The seventh annual UC/CSU/CCC Sustainability Conference will be held at Cal Poly this weekend, the first time the conference will be hosted by a California State University. The conference includes representatives from all three public higher education systems in California: the University of California (UC), California State University (CSU) and California Community College (CCC) systems.

Cal Poly will welcome approximately 1,000 students, faculty and administrators interested in learning new techniques for improving sustainability on college campuses.

The conference will include speakers, workshops, a student sustainability convergence, and an exhibit. The focus is on preparing students for “green-collar” jobs and the application of new energy-efficient techniques.

Margot McDonald, the chief conference planner, said the conference is about learning the best practices for sustainability in terms of campus operations, administration, and curriculum, as well as applying sustainability techniques to unexpected areas of education such as the arts.

“We think of (sustainability) as technology; those are the easy ones to understand,” McDonald said. “What is less obvious are the social aspects of sustainability, and the cultural aspects. One of the goals is to illustrate that it touches every aspect.”

McDonald said the theme of the conference is “putting sustainability to work,” as it is important that students and faculty present a united front by learning necessary techniques to make their campuses more energy efficient.

“I’m hoping we can use the conference as a lever for the future,” McDonald said. “We have all the pieces, but we need to pull together. We need to elevate to a higher level of organization.”

The conference’s keynote speaker, National President of the Apollo Alliance Jerome Ringo, will speak on the importance of diversity in the environmental movement, and the pressing issues that can be aided by student involvement.

“I’m going to talk about the importance of building diverse coalitions around the environmental movement, but also the sense of urgency to resolve environmental issues like global warming, and to help this country declare energy independence from foreign oil,” Ringo said. “We should stimulate the American economy with green jobs, and all kinds of energy opportunities.”

Ringo said that each campus should do a real evaluation of its carbon footprint and get everyone involved in recycling programs, as well as promote students to consider careers in the conservation and environmental movement.

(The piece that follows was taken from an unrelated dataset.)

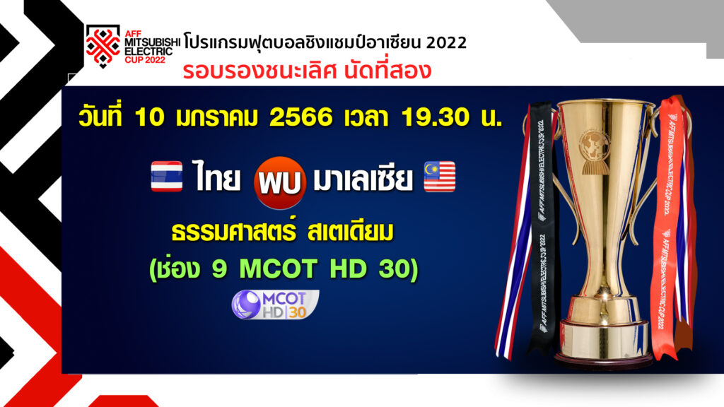 เวลา 19.30 น. ไทย – มาเลเซีย ที่ธรรมศาสตร์ สเตเดียม ช่อง 9 MCOT HD 30 ถ่ายทอดสด
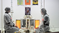 "Die Plakate im Hintergrund des Schreins sind Tarotkarten. Mich spricht weniger das Rituelle an, sondern die Archetypen, die abgebildet sind."

“There are many steps that can be taken that can take place within the dormitories, the classroom buildings and beyond, to reduce the electricity consumption and thus reduce the carbon discharge,” he said.

The conference will also display Cal Poly as a leader in the campus sustainability movement, said Chad Worth, former president of Empower Poly and an industrial engineering senior.

“The conference is going to bring attention to what has been done here on campus,” he said. “Everyone should get involved. This is the future.”

The conference takes place Thursday through Sunday and registration has already closed due to the large number of sign-ups.